Когда он приехал домой, уже смеркалось. Человек восемь разных людей побывало у него в этот вечер. Секретарь комитета, полковник его батальона, управляющий, дворецкий и разные просители. У всех были дела до Пьера, которые он должен был разрешить. Пьер ничего не понимал, не интересовался этими делами и давал на все вопросы только такие ответы, которые бы освободили его от этих людей. Наконец, оставшись один, он распечатал и прочел письмо жены.
«Они – солдаты на батарее, князь Андрей убит… старик… Простота есть покорность богу. Страдать надо… значение всего… сопрягать надо… жена идет замуж… Забыть и понять надо…» И он, подойдя к постели, не раздеваясь повалился на нее и тотчас же заснул.
Когда он проснулся на другой день утром, дворецкий пришел доложить, что от графа Растопчина пришел нарочно посланный полицейский чиновник – узнать, уехал ли или уезжает ли граф Безухов.
Человек десять разных людей, имеющих дело до Пьера, ждали его в гостиной. Пьер поспешно оделся, и, вместо того чтобы идти к тем, которые ожидали его, он пошел на заднее крыльцо и оттуда вышел в ворота.
С тех пор и до конца московского разорения никто из домашних Безуховых, несмотря на все поиски, не видал больше Пьера и не знал, где он находился.
Ростовы до 1 го сентября, то есть до кануна вступления неприятеля в Москву, оставались в городе.

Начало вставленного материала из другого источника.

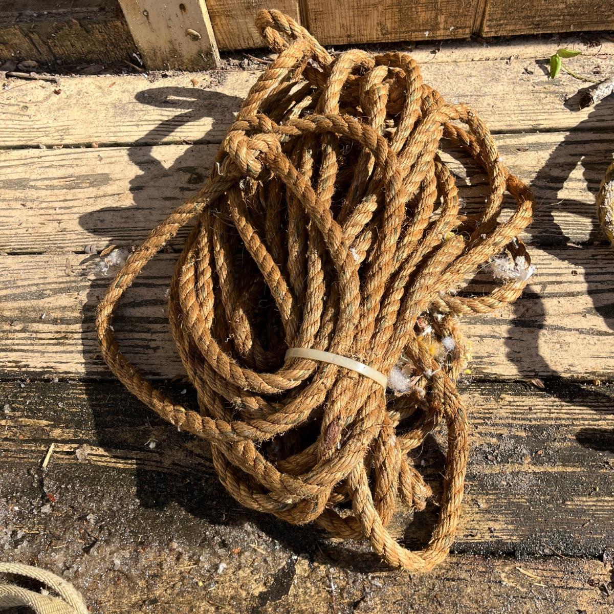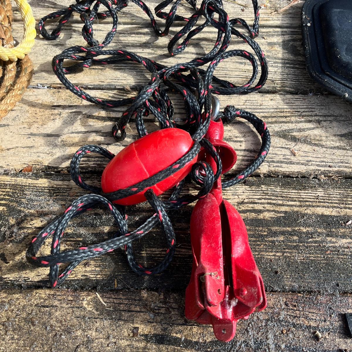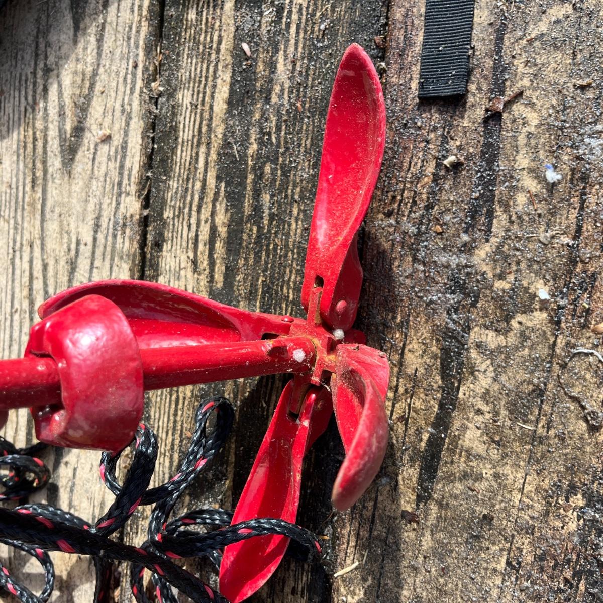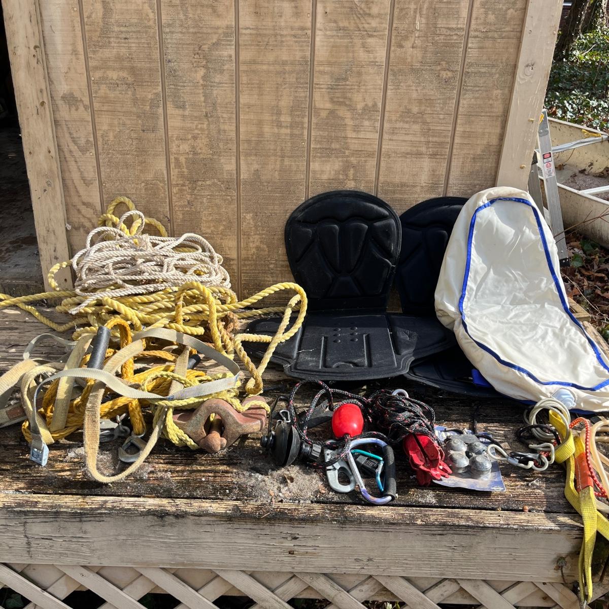 Lot includes nylon rope, sisal rope, cotton rope, two boat anchors, two folding boat seats, inflatable Sea Eagle boat seat, boat engine hose adapter and more. Folding seats measure 24” x 16” x 18”H.

После поступления Пети в полк казаков Оболенского и отъезда его в Белую Церковь, где формировался этот полк, на графиню нашел страх. Мысль о том, что оба ее сына находятся на войне, что оба они ушли из под ее крыла, что нынче или завтра каждый из них, а может быть, и оба вместе, как три сына одной ее знакомой, могут быть убиты, в первый раз теперь, в это лето, с жестокой ясностью пришла ей в голову. Она пыталась вытребовать к себе Николая, хотела сама ехать к Пете, определить его куда нибудь в Петербурге, но и то и другое оказывалось невозможным. Петя не мог быть возвращен иначе, как вместе с полком или посредством перевода в другой действующий полк. Николай находился где то в армии и после своего последнего письма, в котором подробно описывал свою встречу с княжной Марьей, не давал о себе слуха. Графиня не спала ночей и, когда засыпала, видела во сне убитых сыновей. После многих советов и переговоров граф придумал наконец средство для успокоения графини. Он перевел Петю из полка Оболенского в полк Безухова, который формировался под Москвою. Хотя Петя и оставался в военной службе, но при этом переводе графиня имела утешенье видеть хотя одного сына у себя под крылышком и надеялась устроить своего Петю так, чтобы больше не выпускать его и записывать всегда в такие места службы, где бы он никак не мог попасть в сражение. Пока один Nicolas был в опасности, графине казалось (и она даже каялась в этом), что она любит старшего больше всех остальных детей; но когда меньшой, шалун, дурно учившийся, все ломавший в доме и всем надоевший Петя, этот курносый Петя, с своими веселыми черными глазами, свежим румянцем и чуть пробивающимся пушком на щеках, попал туда, к этим большим, страшным, жестоким мужчинам, которые там что то сражаются и что то в этом находят радостного, – тогда матери показалось, что его то она любила больше, гораздо больше всех своих детей. Чем ближе подходило то время, когда должен был вернуться в Москву ожидаемый Петя, тем более увеличивалось беспокойство графини. Она думала уже, что никогда не дождется этого счастия. Присутствие не только Сони, но и любимой Наташи, даже мужа, раздражало графиню. «Что мне за дело до них, мне никого не нужно, кроме Пети!» – думала она.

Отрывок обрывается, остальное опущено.